When the shooting at the Devil’s Den ended, Tyra Jarin left the
prisoners in Wasther’s charge and went to meet their rescuers, Geoff
Andresson at her side. The
sniper fire from Big Round Top had prevented more than a handful of the
attackers from reaching the surviving helicopter.
Those who did, discovered to their dismay that their conscientious
pilot had been so unwise as to step outside to inspect her vehicle for
damage. That had been all the
opportunity Andresson had required.
With escape cut off, many of the assassins had sold their lives
dearly. The surviving remnant huddled in a sullen group, glaring
impotently at the ASC forces surrounding them.
Somebody had found a stretcher and the unconscious President had
been brought out of the rocks, her wounded shoulder heavily wrapped with a
field dressing. The
bloodstained but uninjured Greeley stayed by her side, looking lost.
Nearby stood the leader of the ASC relief force, a lieutenant who
looked far too young for the task, but who seemed to be operating
efficiently despite his obvious shock. Tyra was reminded that ASC, unlike
its Skolian and Trader counterparts, had not fought a war in generations.
It was quite possible that the young officer had never seen a dead
body before. He looked up
warily as the Jagernaut approached.
“Jagernaut Primary Tyra Jarin, of Prince Del-Kurj’s security
detail,” she introduced herself.
“This is Geoff Andresson, Secret Service agent assigned to guard
the President’s children.”
“Lieutenant Morris, Carlisle Barracks.”
He shook his head apologetically.
“I’m sorry. So far,
we’ve only found the President and Senator Greeley.
I don’t know what happened to your Imperator and the rest of his
party.”
“They were up that hill, with the President’s children,” Tyra
informed him, pointing to Little Round Top.
“We pulled them out in our van, along with as many of the security
team as would fit.”
Morris’s face brightened.
“But that’s wonderful news!”
“My colleague, Tertiary Wasther, has the survivors from those three
crashed helicopters under guard,” Tyra continued, gesturing toward the
wreckage behind her. “If you
could send someone to relieve him, I’d appreciate it.”
“Of course,” Morris agreed, and gave the order.
By sending a messenger, since communications were still out.
Thus reminded, Tyra said, “You might want to tell your troops to
look out for the Eubian military-grade jammer that’s blocking
communications.”
“What makes you so sure it’s a Eubian jammer?” Moore asked, his
suspicion obvious even to a non-empath.
“Our prisoners are all home-grown.”
“If it were a Skolian jammer,” Tyra explained, grasping for
patience, “Imperator Skolia’s override codes would have allowed him to
turn it off. If it were of
Allied manufacture…forgive me, but ASC’s mesh security protocols are no
barrier to any determined hack.
Only ESCom makes a jammer that Imperator Skolia and six Jagernauts
can’t override.”
“But how would Allied assassins get Eubian military equipment?”
“That is the interesting
question, isn’t it?” Tyra agreed.
“It would be a round, metallic object, about the size of one of
those delicious orange-colored citrus fruits you grow south of here.”

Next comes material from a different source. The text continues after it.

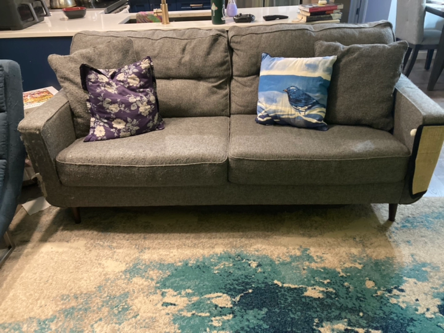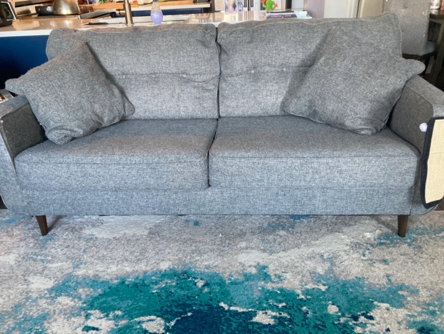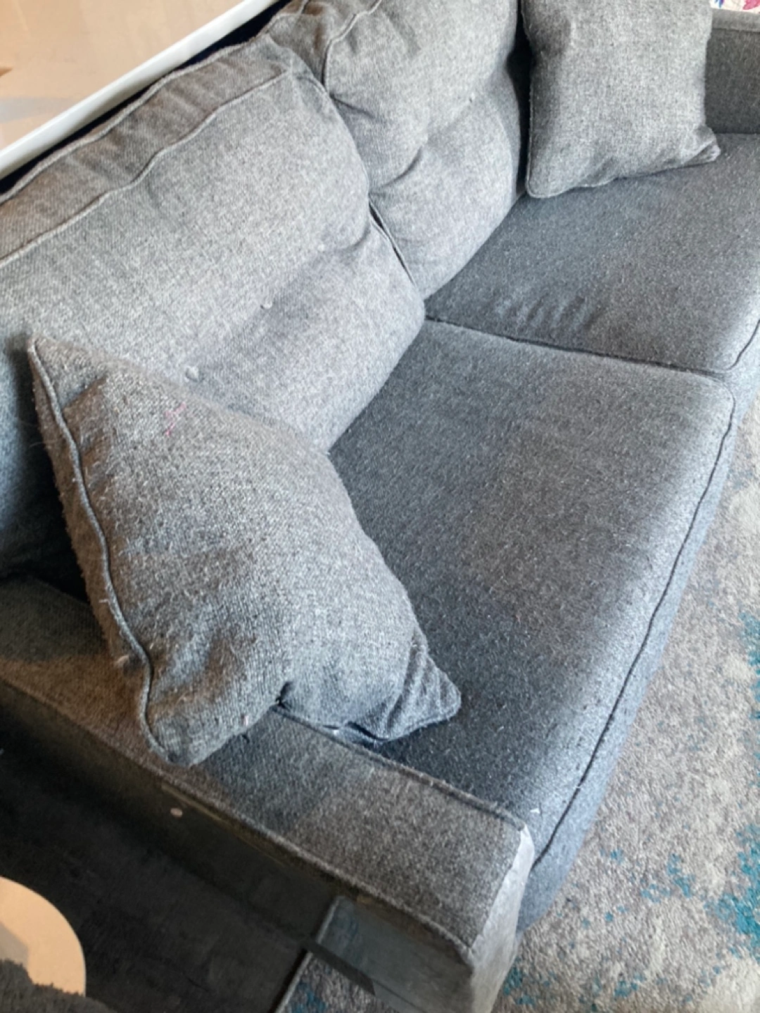 Grey fabric sofa. Mid-century modern style. Wooden legs. Includes two throw pillows. Some wear and tear visible. We are a pet home.

She shaped her hands to demonstrate.
Behind Morris, Senator Greeley gave a violent start.
Tyra turned her attention to him and observed, “Now, that was an
interesting reaction, Senator.
Have you anything you would like to add to this discussion of ESCom spy
equipment?”
“No!” Greeley exclaimed, his right hand clutching at his coat as he
backed away from the Jagernaut.
“I mean, I didn’t…don’t know what you mean!”

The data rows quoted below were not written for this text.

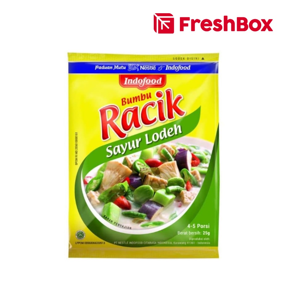 Indofood Bumbu Racik Sayur Lodeh 25gr merupakan bumbu instan untuk membuatsayur lodeh yang nikmat. Diproses secara higenis dan praktis : 43636 BPOM: MD 255610187161
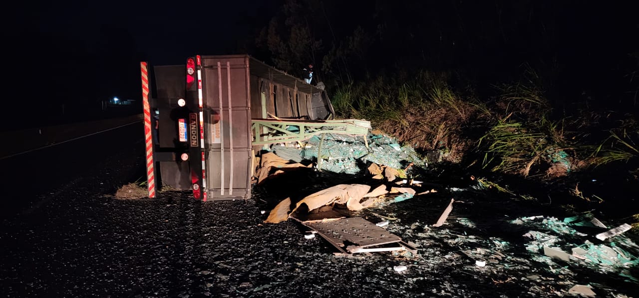 Oritigueira (PR) – A Polícia Rodoviária Federal (PRF) atendeu na noite de segunda-feira (5) uma ocorrência com vítima fatal na BR-376, km 309, no município de Ortigueira, região central do Paraná. O acidente aconteceu por volta das 19h e envolveu uma carreta do tipo CVC carregada com espelhos, que saiu do leito carroçável e tombou às margens da rodovia.
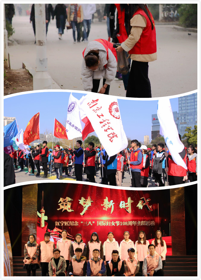 在beat365,已有越来越多的学子积极参与到各类志愿服务的公益事业中来,将善举传播于校园内外。今年3月份以来,志愿者们先后开展了“美化校园我先行”、“七彩志愿社区行”等活动,在校内,数百名志愿者身穿红马甲,一路拾捡垃圾,洁净校园;在校外,青年志愿者与环保社会组织对接,为江宁市民提供环保服务。3月7日、8日,志愿者们还前往南京市江宁区人民大会堂,为江宁区妇联纪念“三八”国际劳动妇女节108周年主题活动提供志愿服务。
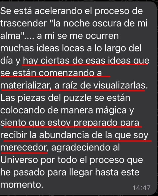 Sé lo difícil que es tratar de manifestar, lo difícil que es hackear tu mente para que se lo crea o lo complicado que son muchas rutinas de manifestación que casi requieren que medites todo el día. Por eso, en estos últimos años creé un método que me requiera solo 5min diarios para estar conectado con el campo cuántico y poder manifestar mayor riqueza y abundancia en mi vida.
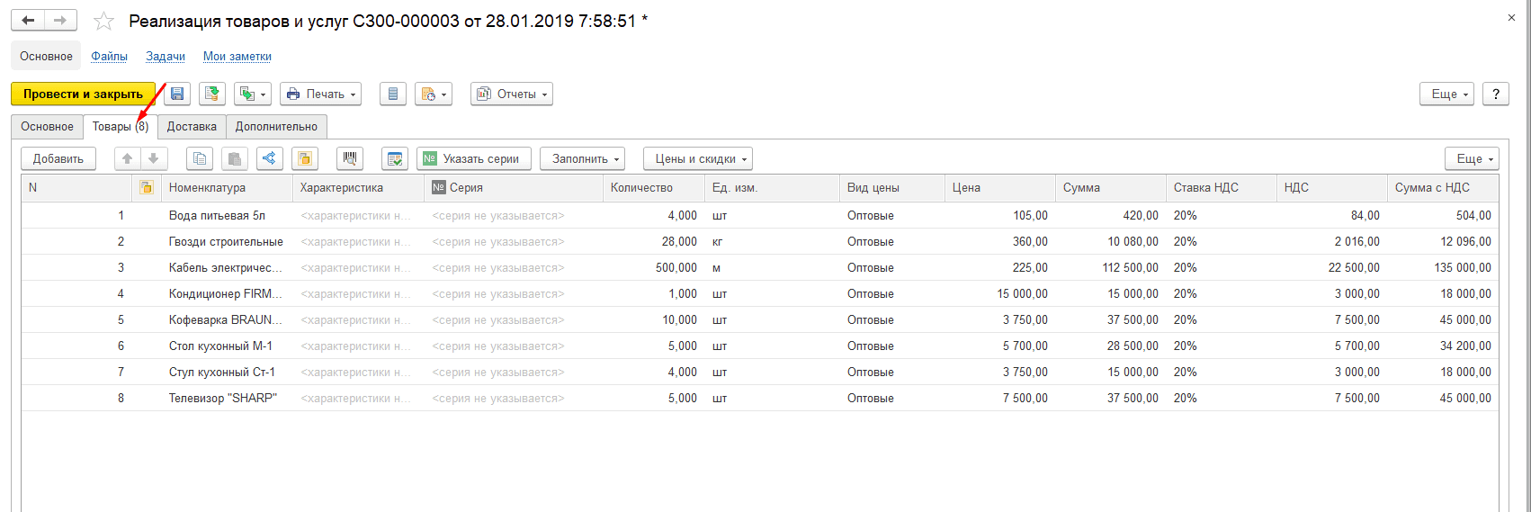 Заполните вкладку Товары.

“Sergeant Asfardi!” Morris called, and a dusky-skinned woman came
over and saluted.
“Do me the kindness of finding out what is in the Senator’s
pockets.”
For a moment, Tyra thought Greeley might resist, but Asfardi was
half his age and the Senator had fought all his battles with words.
He looked around at the circle of accusing eyes surrounding him,
searching for even a hint of support or uncertainty, but found none.
As it became clear that he would not be able to talk his way out of
the search, not even by invoking his privileged status, the fight went out
of him.
Asfardi’s search was efficient and within moments, the jammer had
emerged from its hiding place.
Greeley took one look at the incriminating silver sphere and burst into
tears.
“I just wanted my discussion with the President to be private,” he
insisted. “That’s all.
Mr. Williams said it would prevent
the Skolians from eavesdropping, electronically or with that telepathy
nonsense they claim their rulers use.”
“And who is this Mr. Williams?” Morris asked.
“He’s a lobbyist for a couple of Eubian trade conglomerates, I
believe,” Greeley answered.
“He keeps a low profile. I
think he has a drinking problem, because his eyes are always reddish, but
his advice has been useful.”
“If he has red eyes, he’s either an Aristo or a halfbreed,
high-ranking slave,” Tyra interjected.
“Just the sort of person ESCom would use as a spymaster.”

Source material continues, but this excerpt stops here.